Num setor tradicionalmente masculino como a construção civil, uma iniciativa inovadora está abrindo caminhos para uma nova geração de profissionais: mulheres que assumem o comando de máquinas pesadas com segurança, preparo técnico e confiança.
Idealizado por Diana Azambuja, engenheira civil, e Michelle Clos, doutora em gerontologia biomédica, o projeto “Mulheres Operadoras de Máquinas Pesadas” surgiu com o propósito de enfrentar a escassez de mão de obra qualificada e ampliar a presença feminina nas frentes de trabalho, com alto nível técnico e autonomia.
A ideia nasceu da vivência cotidiana de Diana nos canteiros de obras, onde percebeu a dificuldade em encontrar profissionais qualificados e a quase ausência de mulheres na operação de equipamentos pesados. A partir dessa constatação, foi criada uma capacitação gratuita e de alta qualidade voltada exclusivamente para mulheres, uma porta de entrada para um setor ainda marcado por barreiras de gênero.
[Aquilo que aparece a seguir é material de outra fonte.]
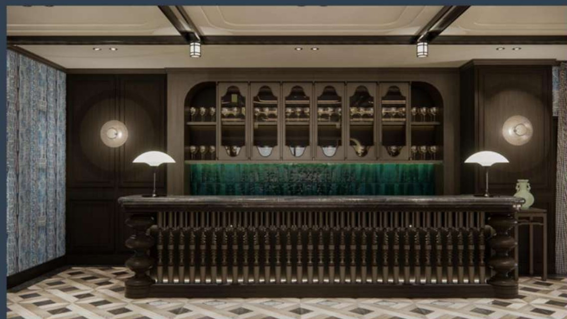
ESPRESSO COCKTAIL BAR
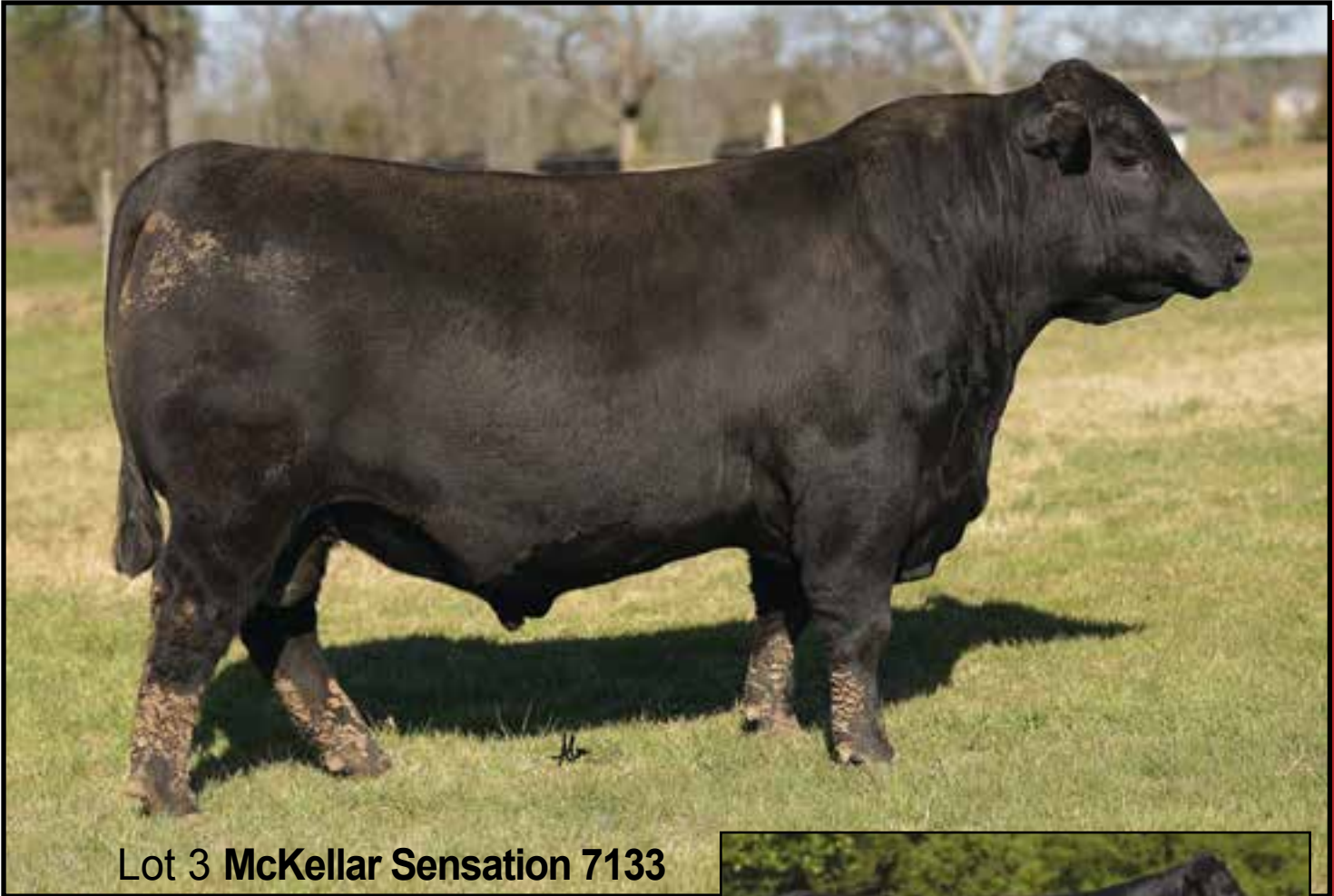
Lot 3 McKellar Sensation 7133

Uma rede de apoio foi essencial para viabilizar o projeto. O SICEPOT-RS é o realizador institucional, com patrocínio da Federação das Indústrias do Estado do Rio Grande do Sul (FIERGS-RS). A estrutura das aulas práticas contou com o apoio da COESUL, que cedeu o espaço, e da SLC Equipamentos, fornecedora dos maquinários. Também apoiam a iniciativa empresas como MGM Rental, FBS, John Deere e MD Engenharia.
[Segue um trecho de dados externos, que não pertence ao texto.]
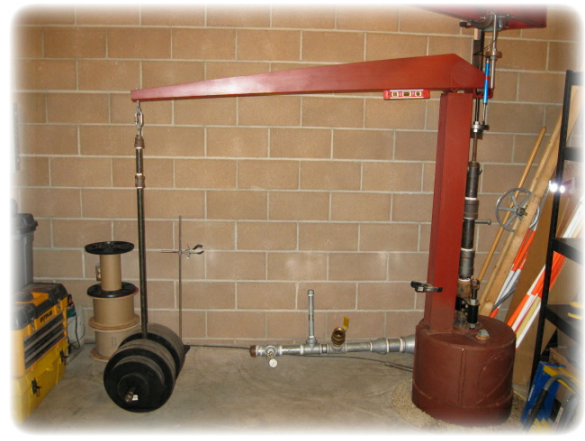
Land Subsidence Monitoring Equipment

Pursuant to the MZ-1 Plan, Watermaster staff and consultants analyzed the data generated from the Ground-Level Monitoring Program through 2014 and the data, results, and conclusions were incorporated into the 2014 Annual Report of the Ground-Level Monitoring Committee (GLMC).

Pioneiro no Rio Grande do Sul, o curso foi realizado em duas etapas nos meses de março e abril, totalizando 40 horas de formação. A parte teórica, entre os dias 17 e 21 de março, abordou temas como topografia, geotecnia, meio ambiente e segurança do trabalho. Já nos dias 15 e 16 de abril, parte das participantes realizaram a etapa prática supervisionada com máquinas pesadas, aplicando os conhecimentos em campo.
A primeira edição contou com um processo seletivo aberto e inclusivo, que começou com a divulgação interna realizada pelo Sindicato da Indústria da Construção de Estradas, Pavimentação e Obras de Terraplanagem (SICEPOT-RS) junto aos setores de recursos humanos das empresas associadas à construção civil. Inicialmente voltado para mulheres já vinculadas ao setor, o processo foi posteriormente ampliado para redes sociais e outros canais, mesmo que de forma discreta. Mais de 130 mulheres se inscreveram para disputar 27 vagas, incluindo candidatas com diferentes formações acadêmicas e até mesmo estrangeiras.
Para organizar a seleção, foram adotados critérios básicos de participação, como a exigência de Carteira Nacional de Habilitação (preferencialmente categoria B) e escolaridade mínima, com prioridade para aquelas que tivessem, ao menos, o ensino fundamental completo. Além disso, não houve restrições por idade ou por condições pessoais, o que reforçou o caráter inclusivo do projeto. Também foram considerados o grau de motivação das candidatas, sua disponibilidade para participar integralmente das atividades.
“O nosso objetivo é aumentar a participação das mulheres nesse mercado, mostrando a elas que é possível concorrer a essas vagas, e mostrar aos empregadores que é possível, sim, incluí-las nos processos de seleção”, explica Diana Azambuja.
Ela ressalta que, mais do que qualificação técnica, o programa busca romper barreiras históricas que mantêm as mulheres afastadas de profissões tradicionalmente masculinas.
Mais do que qualificar profissionalmente, o projeto busca gerar impacto social real na vida das participantes. Michelle Clos, responsável pelo monitoramento social, destaca que a expectativa é de que ao menos 40% das participantes sejam contratadas em curto prazo. “Mas o impacto real vai além do número de contratações. Estamos falando de um possível aumento de até 30% na renda per capita das participantes, o que é muito significativo, sobretudo considerando que muitas delas são chefes de família”, afirma.
Para garantir esse impacto, o projeto prevê um acompanhamento pós-formação focado na orientação de carreira. Cinco mulheres já participaram de seleções logo após o término do curso. Embora o suporte psicossocial ainda não tenha sido incorporado nesta edição, ele está previsto para os próximos ciclos.
A proposta é expandir a iniciativa com novas turmas e atividades complementares, como mentorias, rodas de conversa e debates sobre temas como empreendedorismo, posicionamento diante o mercado de trabalho, elaboração de currículo e incentivo para perseverarem na área da construção pesada.
Além de qualificar as participantes, o projeto tem metas para transformar estruturalmente o setor. A expectativa é de que 80% das mulheres concluam todas as etapas da formação. Para além dos números, o objetivo maior é demonstrar que competência técnica não tem gênero e que a presença feminina nas operações da construção pesada é não só possível, como essencial para um mercado mais justo e inclusivo.